Dads New Zealand Mince Stew

Hmmmmm… I’m not sure if it’s chili, or stew or a shepherds pie without the crust, but there is nothing like it over some toast on a cold night, rich and hearty, just downright yummy if you ask me. We always experiment a little with our ingredients but it always comes out great. I’m thinking of going and making a pot right now, oh and it’s even better the days after you make it, just go ahead and microwave some, put it on baked potatoes, roll it up in bread, use it anyway you like.

INGRIDIENT

DIRECTION

Step: 1

Heat oil in a large pot over medium heat. Saute onions until browned; remove from pot, and set aside. Add ground beef to pot, and cook until evenly brown. Add garlic, and cook for 2 minutes. Stir in browned onions, and cook on high heat for 3 to 5 minutes. Stir in 1 cup of water. Reduce heat, cover, and simmer for 20 minutes.

Step: 2

Stir in ketchup, beef stock, and teriyaki sauce. Season with pepper, curry powder, garlic powder, and onion powder. Cover, and simmer for about 2 hours.

Step: 3

Mix together 1 tablespoon flour and 1/2 cup water. Stir into stew, and cook until thickened.

NUTRITION FACT

Per Serving: 474 calories; protein 21.9g; carbohydrates 25.4g; fat 32.4g; cholesterol 96.5mg; sodium 934.7mg.

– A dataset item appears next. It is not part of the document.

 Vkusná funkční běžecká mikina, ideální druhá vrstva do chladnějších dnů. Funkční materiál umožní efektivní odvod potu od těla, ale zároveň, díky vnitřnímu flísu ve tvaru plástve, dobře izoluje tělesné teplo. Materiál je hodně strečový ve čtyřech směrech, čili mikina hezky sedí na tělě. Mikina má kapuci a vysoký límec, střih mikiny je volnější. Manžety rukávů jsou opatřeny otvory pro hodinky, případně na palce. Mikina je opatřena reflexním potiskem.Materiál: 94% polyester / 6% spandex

The word “stew” can refer to both a dish and a make dishes method. Stewing makes not fast cooking chunks of meat, raw fruit or beans in a tastefull water based . It’s similar to braising, instead it does have a few notable differences. The meat is chopped into few of pieces instead of being processing menu all of it , and the water based material completely covers the contents in a stew as different to a braise’s halfway full . When meat or raw fruit are cooked using this method, the resulting dish is called stew.

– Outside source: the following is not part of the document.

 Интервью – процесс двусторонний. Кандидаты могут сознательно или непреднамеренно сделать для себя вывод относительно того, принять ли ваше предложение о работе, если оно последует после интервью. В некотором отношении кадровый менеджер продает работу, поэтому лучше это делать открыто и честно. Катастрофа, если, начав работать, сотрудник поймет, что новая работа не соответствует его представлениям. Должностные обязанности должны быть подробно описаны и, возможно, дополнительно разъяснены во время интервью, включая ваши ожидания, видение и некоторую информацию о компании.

Stew has a reputation for making a rib-sticking meal that comfortable you up on a freezing , winter day. It’s right that ; a bowl of old menu of beef stew does have warming properties , but stew’s comfort factor more than a way beyond preserving you from the chill . It’s all about those soft and chunks of meat and vegetables, swimming in a thick, ultra-rich gravy. The more they come together make the greatest comfort food, no matter the weather.